Moreover, GPA33 has a role in the detection of tTreg, or thymus-derived regulatory T cells, which are important in the immunological setting of CRC. GPA33's high expression in tTreg cells has been linked to lower inflammatory cytokine generation, hence supporting the use of GPA33-targeted treatments in adoptive tTreg cell therapy for CRC.
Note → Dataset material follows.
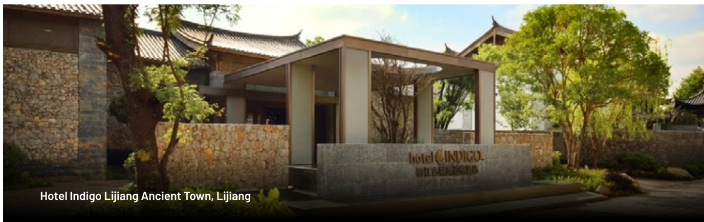
Hotel Indigo Lijiang Ancient Town, Lijiang

GPA33-targeted treatments continue to be the subject of constant study despite the difficulties they encounter in clinical trials. To improve their anti-tumor effects, there is increasing interest in combining GPA33-targeting monoclonal antibodies with other immune-based therapies such as immune checkpoint inhibitors. More study gives optimism that future novel and more potent medications aimed at GPA33 may surface.

Conclusion

GPA33 is a promising target for immunotherapy, particularly in colorectal and gastric cancers. Its particular expression patterns and significant presence in cancer tissues suggest it could be a candidate for targeted therapies. GPA33-targeted therapy's clinical development has been both promising and difficult. The future path of GPA33-targeted cancer immunotherapy is represented by drugs like MGD007, which employ creative technologies such as bispecific antibodies and T-cell redirection. More study, meantime, is required to handle the diversity of GPA33 expression in malignancies and maximize therapeutic approaches. GPA33 may be a main target in the battle against gastrointestinal cancers with ongoing research and creativity, hence providing fresh hope for CRC patients as well as other connected cancers.

References:

  1. Opstelten R, Suwandi JS, Slot MC, et al. GPA33 is expressed on multiple human blood cell types and distinguishes CD4+ central memory T cells with and without effector function. Eur J Immunol. 2021;51(6):1377-1389.
  2. Chopra A. Radioiodinated humanized monoclonal antibody A33. In: Molecular Imaging and Contrast Agent Database (MICAD). Bethesda (MD): National Center for Biotechnology Information (US); September 16, 2007.